Our results showed that CNS involvement was found in 6 (20%) patients with acquired myasthenia of various clinical types, the nature and aetiology remains unclear. Diabetes mellitus, hypertension and neurogenic manifestations were more frequent in those patients as well as acetylcholine receptor antibodies. The presence of thymic mass significantly correlated with MRI changes. Visual evoked potentials (VEPs) showed abnormally prolonged P100 in 43.3% and VEP wave form (amplitude) was abnormal in 26.7%. However these changes did not correlate with MRI brain changes. Neither brainstem evoked potentials (BAEPs) nor the cerebrospinal fluid (CSF) was an accurate tool to detect CNS changes. HLA type was found to be different from other groups of different ethnic background. Furthermore the type was different according to CNS involvement.
It is concluded that central nervous system involvement does occur in patients with acquired Myasthenia Gravis which can be suspected by the presence of diabetes millitus, hypertension, neurogenic manifestations, positive AChRAbs, and thymic mass. HLA type was specific to our patients as they have different ethnic background than the previously studied populations. Some differences were found in relation to CNS involvement.

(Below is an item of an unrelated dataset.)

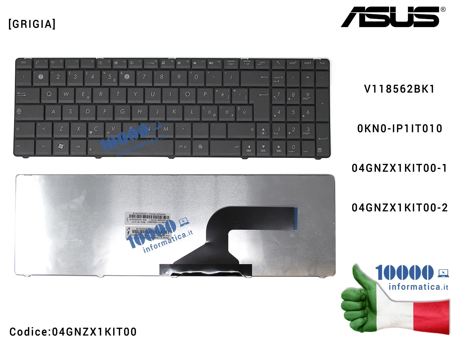 Tastiera Italiana ASUS (GRIGIO) N53 N53JN P52 P52JC P52F N73 N73J N73JQV118562BK1 0KN0-IP1IT01004GNZX1KIT00-1 04GNZX1KIT00-2

It is recommended to exercise every effort to detect those myasthenic patients who are candidate for CNS involvement and submit them for further investigations and follow up to know more about the nature and pathology of the brain lesions. A bigger study should be designed with more strict criteria incuding younger patients, non diabetics and normotensives, thus minimising factors frequently associated with radiological brain changes. should be designed to study those central changes and HLA type.